= South African Footplate Staff Association =

Trade union in South Africa

The South African Footplate Staff Association (SAFSA) was a trade union representing white railway workers in South Africa.

The union was founded in 1905, as the Locomotive Engineers' Mutual Aid Society. It was initially focused on the Cape, but by the 1920s had 1,500 members across the country. It affiliated to the Federal Consultative Council of South African Railways and Harbours Staff Associations (FCC), and by 1962 it had 9,896 members. In 1975, the other FCC members affiliated to the South African Confederation of Labour, but SAFSA decided against joining.

In 1976, SAFSA formed the South African Central Labour Organisation with the Amalgamated Engineering Union of South Africa, but it proved unsuccessful, and in 1982 the union instead joined the Trade Union Council of South Africa (TUCSA). By 1980, it had 9,331 members, all of whom were white.

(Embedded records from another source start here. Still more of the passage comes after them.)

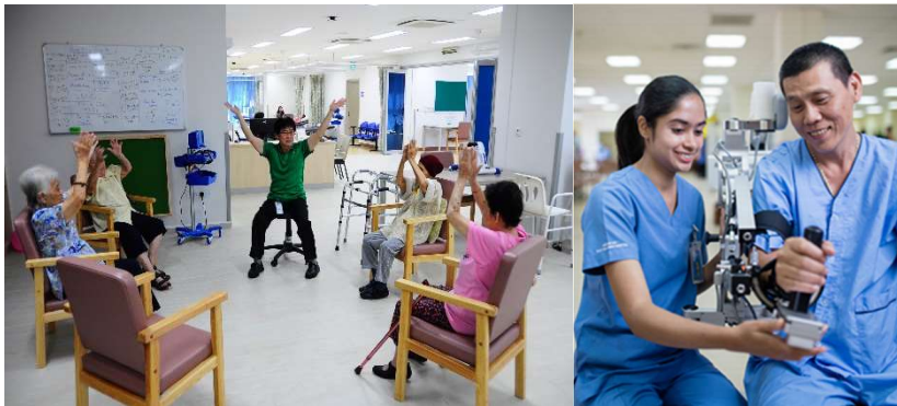
Credits: (Left) Group therapy at RCCH, (Right) Physiotherapy at AMK-THKH

Examples of conditions requiring rehabilitation care after stabilisation of acute issues include brain injury and other neurological conditions (stroke, traumatic injury, Parkinson's disease etc.), as well as fractures and hip replacements.
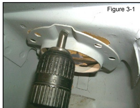
Figure 3-1 applies only to vehicles using carriage bolts to secure the factory upper shock mount.

Note: Fairlane shock towers use a slightly different bolt pattern and must be drilled to match the adapter and backup plates. Structural integrity is maintained through use of the backup plate.
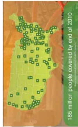
185 million people covered by end of 2010
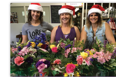
Volunteers creating holiday joy!

were delivered to the VA hospital at Bay Pines. The volunteers also created 350 Christmas mugs that had been donated throughout the year just waiting to be distributed with beautiful holiday flowers. It was a joyous day for 700 residents in our long term care centers
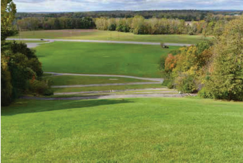
Image 13. The view facing west from the north end of the Palmyra hill.
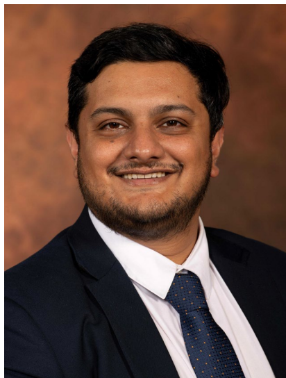
The Deputy Minister

Four photos: the most senior in middle; the second to the left of the viewer; third to the right of the viewer and fourth to the far left of the viewer.

In 1984, SAFSA resigned from TUCSA, later joining the Federation of South African Labour Unions, and then its successor, the Federation of Unions of South Africa. It began accepting all workers, and in 1998 it absorbed the Democratic Labour Union of South Africa, which mainly represented black workers. In 2000, it merged with the Technical Workers' Union, to form the United Transport and Allied Trade Union.